For Lumber Questions Call Us At: 410-641-2200
For Rental Questions Call Us At: 410-641-5420

Bulletin Board

Tips for Taking Down Walls and Creating an Open Layout

Tips for Taking Down Walls and Creating an Open Layout

Removing walls and opening up the layout in your home can create a truly remarkable transformation. It is often done on television home improvement shows, because the impact can be so dramatic. A lot of care and thought should be made before making this decision, since it can change so much in the way your home feels and flows. The concept of opening the layout of your home is certainly nothing new, but it has gained popularity recently. Talk to friends and family who have had this done in their home and ask them if they would have done anything differently. The open layout can be quite appealing for entertaining, watching children, etc., but there may be some drawbacks that aren’t being considered. Will privacy be a factor in the future? Kitchen aromas (and not only just the good ones) could more easily be spread throughout the house, therefore considering an adequate exhaust fan may be a good idea.
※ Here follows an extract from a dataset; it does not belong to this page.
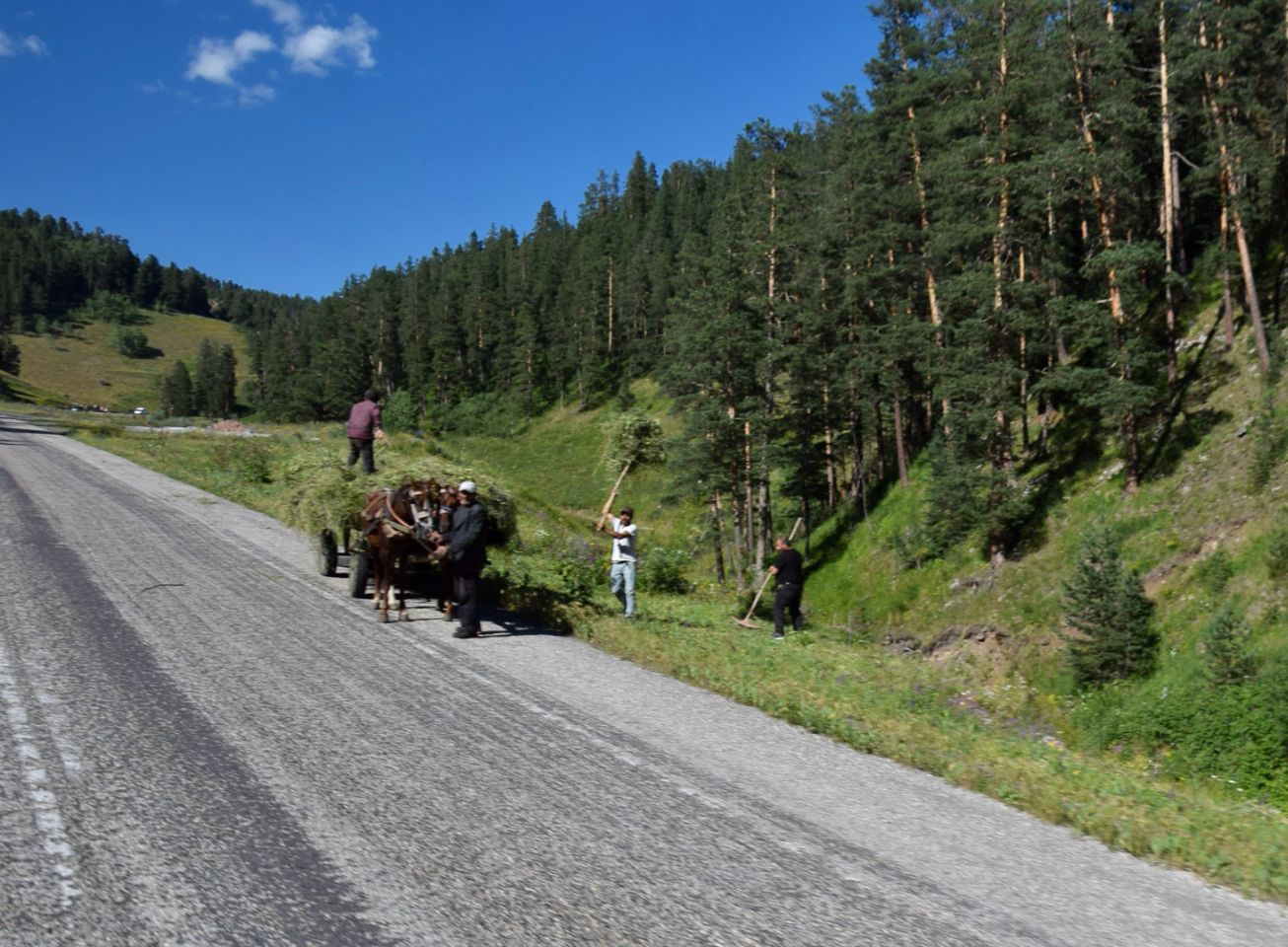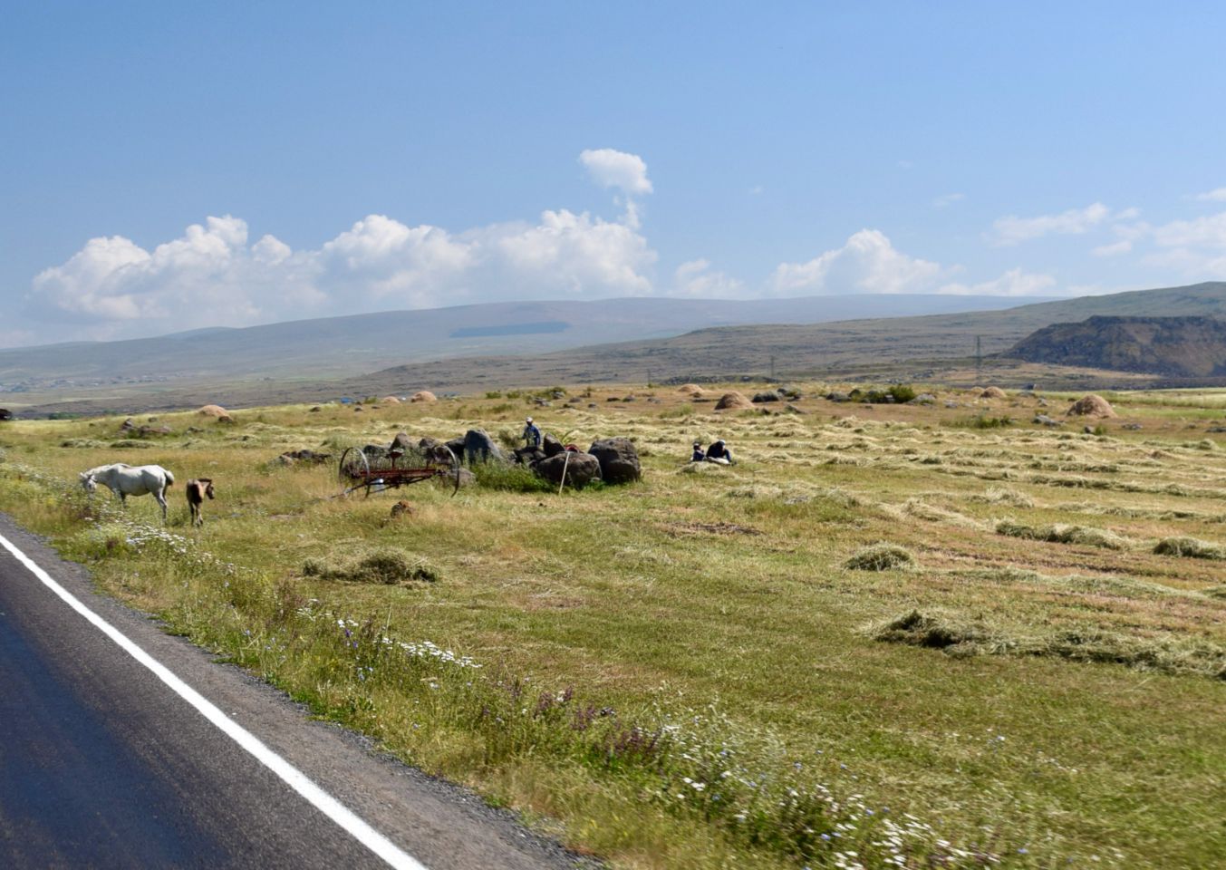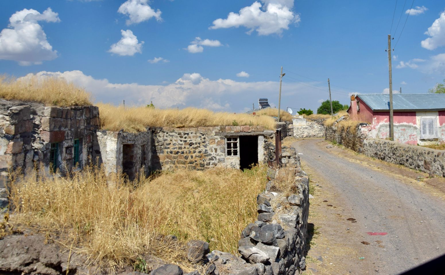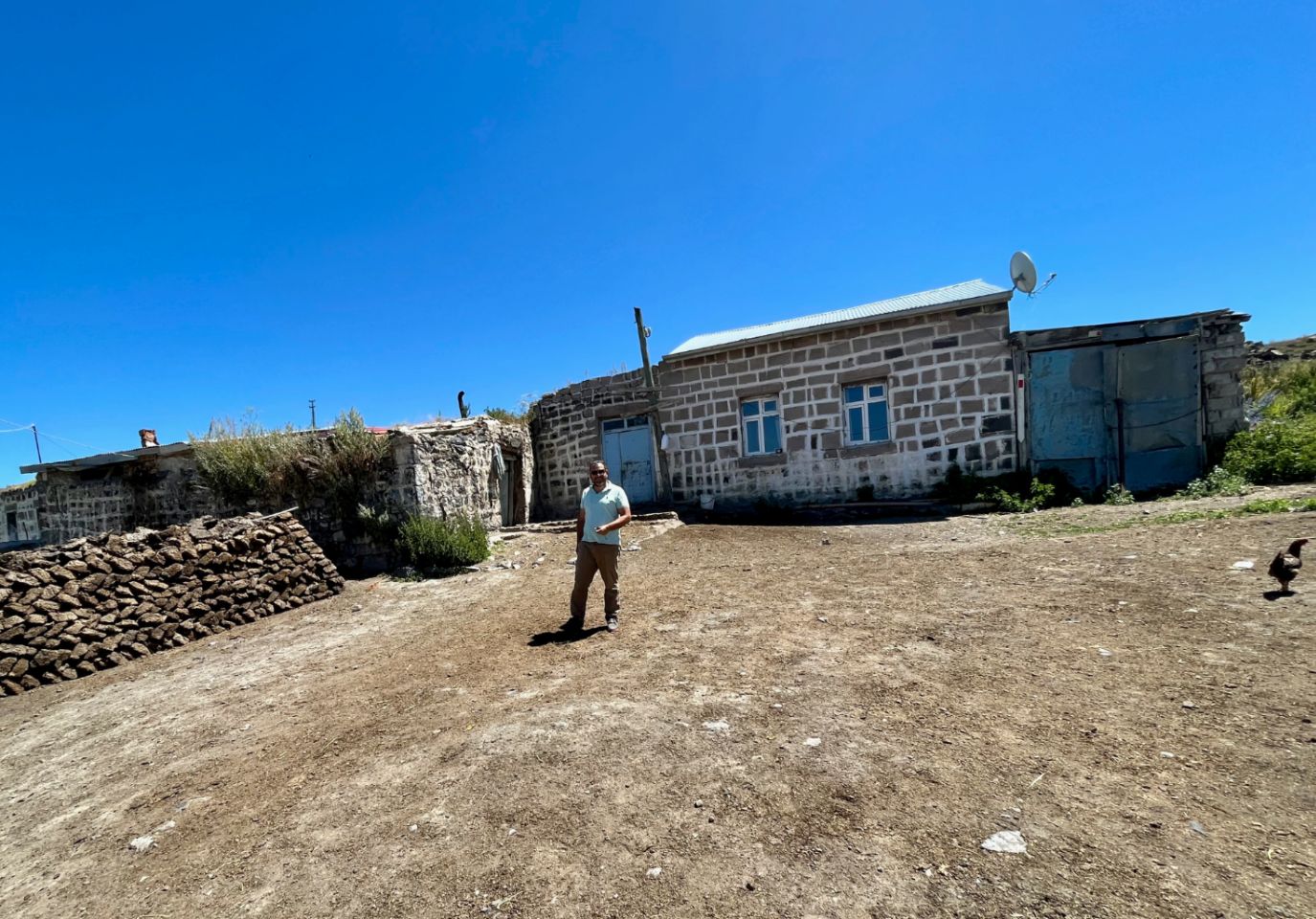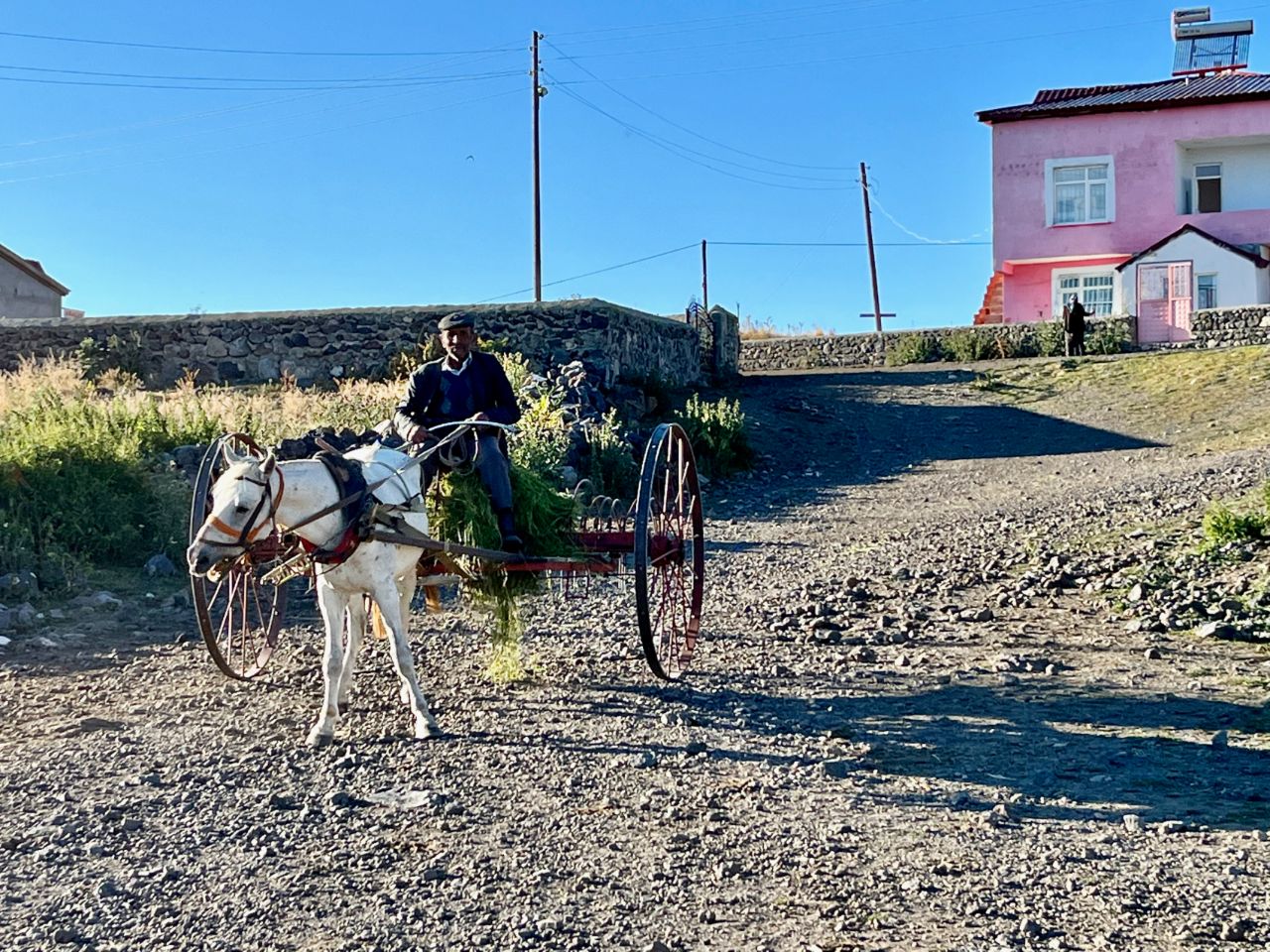 Ici les maisons sont en pierre de taille, petite et basse pour résister au climat, et même si l'on croise maintenant des tracteurs, le cheval garde encore son rôle dominant. C'est dans un hameau que nous retrouvons Alpaslan et sa famille dans ces terres natales. La grande occupation des habitants pendant les 4 mois de la bonne saison, c'est de faire les foins, mettre le combustible pour l'hiver à sécher (fabrication de briques de bouse et d'herbe), préparer les fromages...

Once you have decided to do this and have located the walls which you would like to remove, there is another important question that must be asked: Is this load bearing wall? A loadbearing wall is a wall that carries weight from above. Obviously, since that weight must always be supported for your home’s structure to remain sound, removing such a wall can add a lot of complication to the project. If possible, select non-loadbearing walls for removal. Unless you have a good amount of knowledge in structure and framing, it is best to consult a structural engineer or qualified contractor to determine whether or not the walls you wish to remove are loadbearing.

Okay, so you’ve confirmed that the wall you want to remove is non-loadbearing. The challenge isn’t over, though. You should always anticipate any wiring, plumbing or heating/cooling components that may be in the wall. Give a thorough visual inspection on both sides of the wall. Look for switches, outlets and thermostats. Are there any plumbing fixtures located on the floor directly above or below this wall? Additionally, look for HVAC vents on the floor or ceiling near the wall. Because some walls may still have wiring in them, even if there are no outlets or switches visible, it is a good idea to use an A/C voltage detector to look for any hidden wiring. If anything is found, determine your game plan for rerouting. Again, if your knowledge is limited in the fields of electrical plumbing or heating, consult or hire a contractor before proceeding.

Some final bits of advice before tearing down any wall, is to shut off the water main and any applicable circuit breakers that may power anything in the location where you are working. Control the spread of dust (and there will be lots), by covering things that can’t be removed from the room with drop cloths and block doorways into the rest of the home with plastic.